Annual core inflation stood at 1.4%. However, in the past week there has been an increase in inflation expectations from the five-year bond market, from 2.28% to 2.35% per year. Ten-year inflation expectations have risen slightly to 2.23% per year. Of 76.2 points, contrary to expectations that were actually expected, and its level is the lowest in the last six months.The surprise in the index was due to a decrease in the component of expectations for the future situation of consumers.

Europe

Germany extends the closure period until March 7. In addition to extending the closure in the country, Prime Minister Angela Merkel has announced the closure of borders with the Czech Republic and the Tyrol region in Austria. In England, Prime Minister Boris Johnson announced his intention to publish a plan for the gradual opening of the economy in about two weeks. Restrictions on movement and trade across the European continent affect economic activity and growth forecasts for 2021. The European Commission has announced a reduction in the eurozone growth forecast to 3.8% this year (from 4.2%), and an increase in the projected growth rate to 2022 to 3.8 % (From 3.0%).
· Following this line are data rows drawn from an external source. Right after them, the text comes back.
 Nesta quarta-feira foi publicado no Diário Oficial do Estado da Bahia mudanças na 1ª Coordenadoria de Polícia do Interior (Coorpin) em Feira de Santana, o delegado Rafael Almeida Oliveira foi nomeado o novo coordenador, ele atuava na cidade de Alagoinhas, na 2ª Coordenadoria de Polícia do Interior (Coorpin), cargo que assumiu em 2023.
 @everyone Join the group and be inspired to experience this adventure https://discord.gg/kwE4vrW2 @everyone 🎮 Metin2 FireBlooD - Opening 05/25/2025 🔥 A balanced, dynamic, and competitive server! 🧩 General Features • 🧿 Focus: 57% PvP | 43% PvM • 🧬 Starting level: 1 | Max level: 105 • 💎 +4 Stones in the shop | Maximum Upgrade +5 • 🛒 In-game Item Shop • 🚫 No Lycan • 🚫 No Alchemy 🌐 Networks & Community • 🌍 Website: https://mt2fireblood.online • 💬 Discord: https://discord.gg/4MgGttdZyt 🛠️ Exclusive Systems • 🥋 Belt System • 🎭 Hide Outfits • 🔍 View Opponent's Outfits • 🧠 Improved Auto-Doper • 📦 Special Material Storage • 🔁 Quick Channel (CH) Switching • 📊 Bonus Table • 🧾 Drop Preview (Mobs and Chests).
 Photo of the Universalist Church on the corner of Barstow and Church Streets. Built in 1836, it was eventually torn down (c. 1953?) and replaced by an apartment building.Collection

After a sharp-above-average contraction in the eurozone in 2020, relatively high growth of 5.5% in Spain and France is expected this year, and the growth forecast for Germany this year is 3.2%. In the UK, GDP in the fourth quarter rose above expectations by 4.0% in annual terms, however by the end of 2020 the UK economy had shrunk by a sharp 9.9%. The Bank of England estimates that in the first quarter of this year, too, there will be a sharp contraction in activity against the background of the tight closure.

China

The financial markets will reopen this coming Thursday, with the end of the Chinese New Year holiday. A new record was set in January in the volume of new loans from the banking system: 3580 billion yuan. This figure, which includes an increase in long-term loans to companies and households, is another indication of the recovery of the Chinese economy. Mortgage performance was relatively high in January, apparently as a result of advancing purchases for fear of imposing restrictions soon on housing loans.
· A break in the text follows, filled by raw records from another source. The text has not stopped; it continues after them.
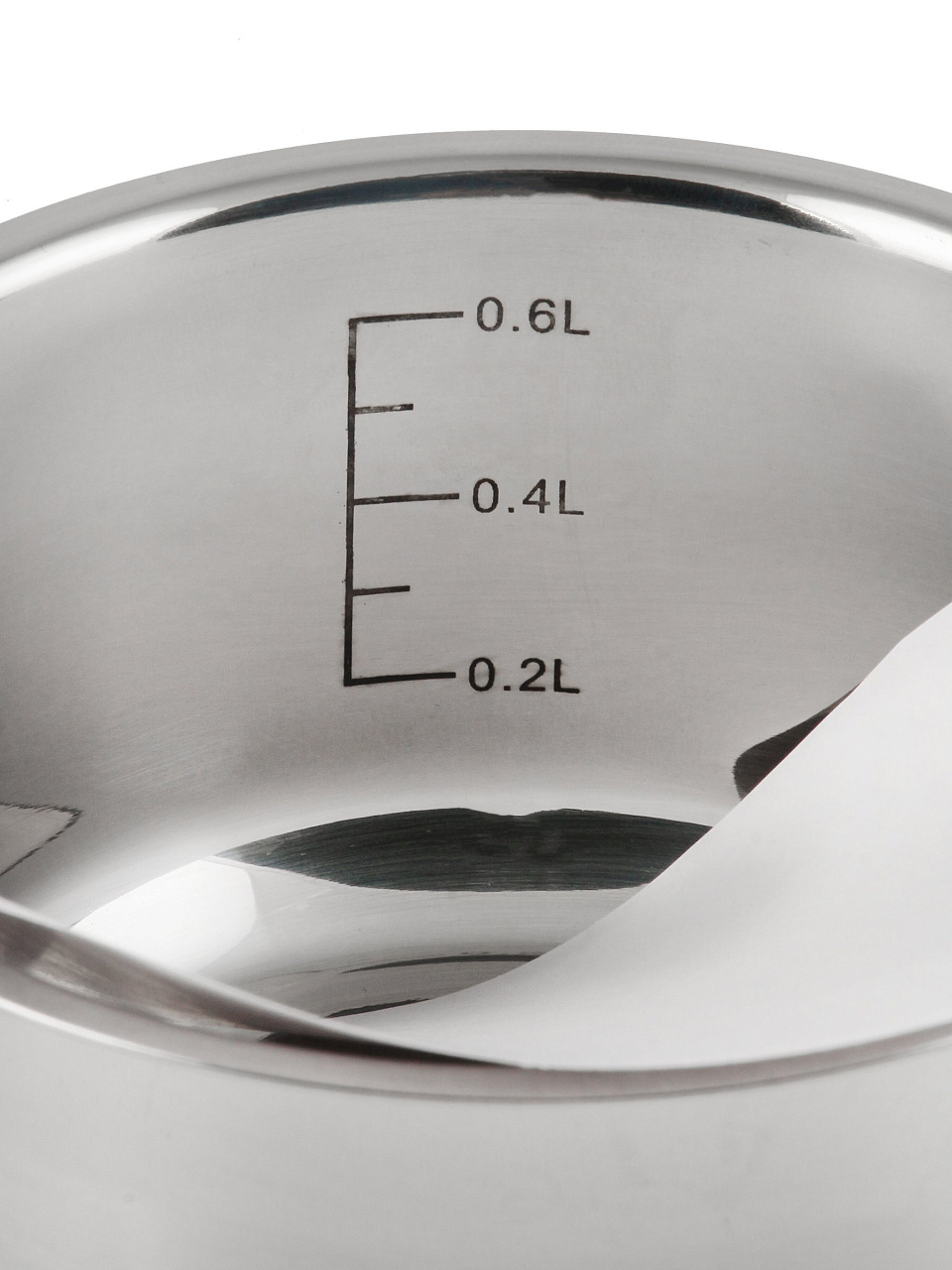 Объём 0.8 л, диаметр 13.2 см, толщина дна 2.5 мм, стенок 0.5 мм, металлическая ручка, крышка из закалённого стекла, мерная шкала внутри, цвет серебристый.
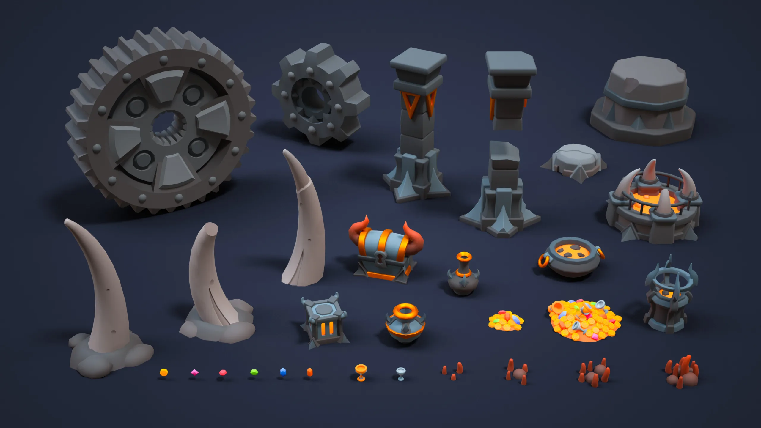 Lava braziers, cauldrons, piles of coins, treasure chests, magical artifacts, jars, crystals of various shapes and colors, goblets, and clusters of lava rock formations. - Buildings (x2)
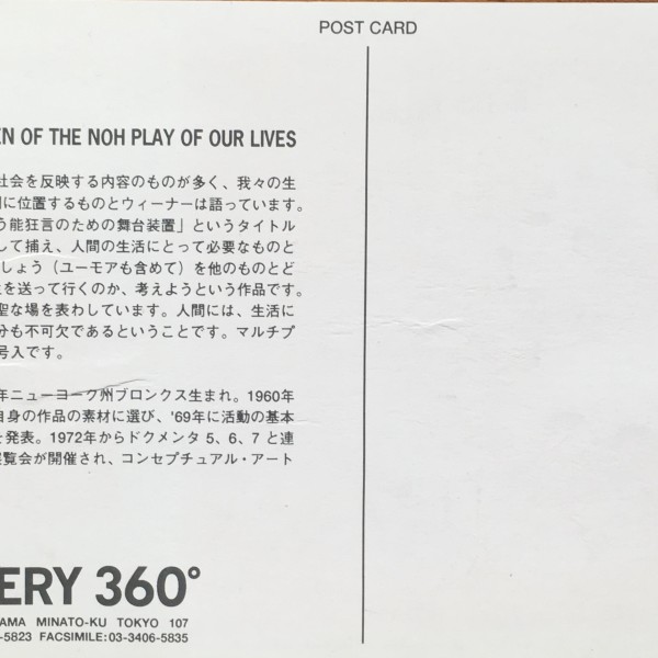 Lawrence Weiner. Stage set for the Kyogen of the not play of our lives. Postcard. 1995

The consumer price index rose by 1% in January, but compared with January 2020, negative inflation was recorded at a rate of 0.3%. The trend of the core component of the index continues to indicate a low inflation environment as a result of the restrictions on the activity of many industries, especially services. Among the manufacturing industries that stand out in their growth intensity is the automotive industry. Car sales rose 30% in January, after also rising in the previous nine months.